An alternative to cream or bechamel is a flavorful oil, such as extra virgin olive oil, walnut oil,hazelnut oil, or colza oil.
SWISS CHARD GRATIN
This gratin goes well with a roast of pork accompanied by sauteed apples and a white wine from Savoie, an Apremont or a Crepy.
INGREDIENTS Serves 4 to 6
1 or 2 bunches Swiss chard with ribs
1 cup white sauce ( see recipe below)
1/4 cup grated Gruyere cheese
4 tablespoons melted butter
Salt and freshly ground pepper
METHOD
Preheat oven to 400 degrees. Remove the Swiss chard stems from the greens and save the greens for another use. Remove the tough outer fiber of the stalks by slipping a knife under the cut end of the stalk and peeling it away. Cut the stalks into 1/2 -inch pieces on the diagonal. Blanch the stalks in boiling salted water until done, about 4 to 6 minutes. Darin in a non-aluminum colander and flush in cold water. The vegetable water from cooking can be saved and used for a flovorful stack.
In a bowl, season the chard stalks with salt and pepper, and then mix with the white sauce; set in an oven-proof casserole.
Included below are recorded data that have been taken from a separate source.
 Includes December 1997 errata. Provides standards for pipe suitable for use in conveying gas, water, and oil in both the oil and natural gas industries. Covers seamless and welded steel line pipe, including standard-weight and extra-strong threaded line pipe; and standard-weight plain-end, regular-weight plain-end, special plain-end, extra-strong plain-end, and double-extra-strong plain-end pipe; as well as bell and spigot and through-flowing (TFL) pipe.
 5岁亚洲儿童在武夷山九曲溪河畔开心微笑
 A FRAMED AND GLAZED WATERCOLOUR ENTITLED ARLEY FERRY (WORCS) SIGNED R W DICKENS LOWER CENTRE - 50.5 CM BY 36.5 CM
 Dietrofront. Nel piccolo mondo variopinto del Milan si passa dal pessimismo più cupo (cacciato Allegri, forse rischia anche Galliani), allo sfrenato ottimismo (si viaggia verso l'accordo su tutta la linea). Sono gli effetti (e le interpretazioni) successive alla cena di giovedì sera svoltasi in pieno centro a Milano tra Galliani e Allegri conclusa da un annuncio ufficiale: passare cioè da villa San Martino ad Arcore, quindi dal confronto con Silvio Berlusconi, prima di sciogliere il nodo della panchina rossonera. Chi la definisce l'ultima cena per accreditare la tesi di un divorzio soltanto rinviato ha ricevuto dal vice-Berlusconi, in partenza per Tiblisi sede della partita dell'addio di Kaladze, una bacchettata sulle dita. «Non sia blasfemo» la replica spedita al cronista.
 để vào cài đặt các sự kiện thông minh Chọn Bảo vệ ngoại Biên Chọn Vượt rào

Sprinkle the surface with cheese. Dribble the melted butter over the top and brown the gratin in a preheated oven. The gratin can also be place under the broiler provided the mixture has been warmed before being put into the gratin dish.
WHITE SAUCE
INGREDIENTS
3 tablespoons butter
3 tablespoons flour
1 cup hot milk
1/2 cup heavy cream
Salt and freshly ground pepper
METHOD
Melt the butter in a small saucepan. Whisk in the flour and allow to cook for 3 to 4 minutes. Slowly whisk in the hot milk and then the heavy cream. Season with salt and pepper. Allow the sauce to simmer (over a very low heat) 20 minutes; reserve and keep warm.

Gena had a beautiful Suffolk Punch stud colt on Monday morning. We are all enjoying having a foal around again after a break of a few years. He seems healthy and strong. In the picture he is less than a day old and already “up and at ’em”!
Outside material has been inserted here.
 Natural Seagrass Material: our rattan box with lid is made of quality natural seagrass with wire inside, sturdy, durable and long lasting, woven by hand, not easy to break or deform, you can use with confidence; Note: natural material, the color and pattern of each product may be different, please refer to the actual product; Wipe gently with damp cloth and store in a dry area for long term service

We have had a bumper crop of strawberries. The CSA members have enjoyed picking extra berries on pick-up days. We dug our first carrots today and hope to have broccoli soon. It is nice to have the garden growing well and savor the flavours of the season as they change.
Last week we did manage to get the footings poured for the new greenhouse thanks to the efforts of the apprentices and our son, Grayden, and his friend, Race, who came for the week to jump start the project. Now even if we don’t have time to work on it again until fall the frost sensitive work is done!